## Data segment

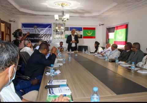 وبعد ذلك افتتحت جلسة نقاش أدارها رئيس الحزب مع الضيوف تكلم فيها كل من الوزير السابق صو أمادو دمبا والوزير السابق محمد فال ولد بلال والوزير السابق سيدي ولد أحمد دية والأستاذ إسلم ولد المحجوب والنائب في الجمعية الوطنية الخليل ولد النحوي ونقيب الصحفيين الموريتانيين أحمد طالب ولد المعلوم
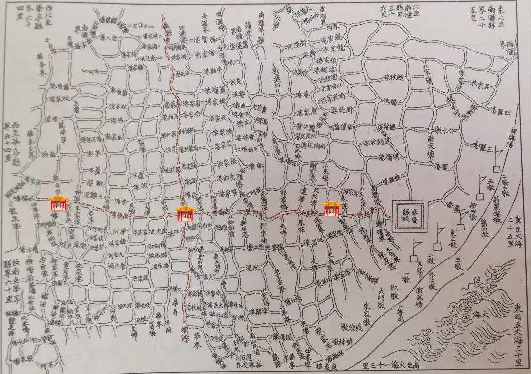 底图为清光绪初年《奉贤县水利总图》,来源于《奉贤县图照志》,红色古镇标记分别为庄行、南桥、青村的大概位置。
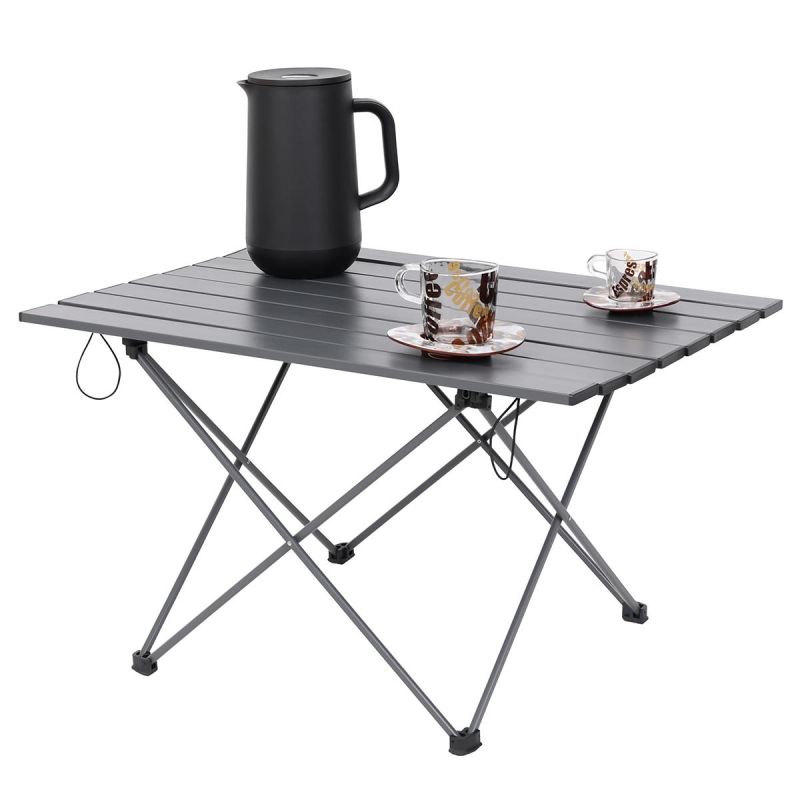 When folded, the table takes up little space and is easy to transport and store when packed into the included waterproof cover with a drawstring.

## Exercise instructions
Each line from the one containing "底图为清光绪初年《奉贤县水利" to the final line of the data must be printed exactly, both included, with nothing else and no pictures.

## Result of the task
 底图为清光绪初年《奉贤县水利总图》,来源于《奉贤县图照志》,红色古镇标记分别为庄行、南桥、青村的大概位置。
 When folded, the table takes up little space and is easy to transport and store when packed into the included waterproof cover with a drawstring.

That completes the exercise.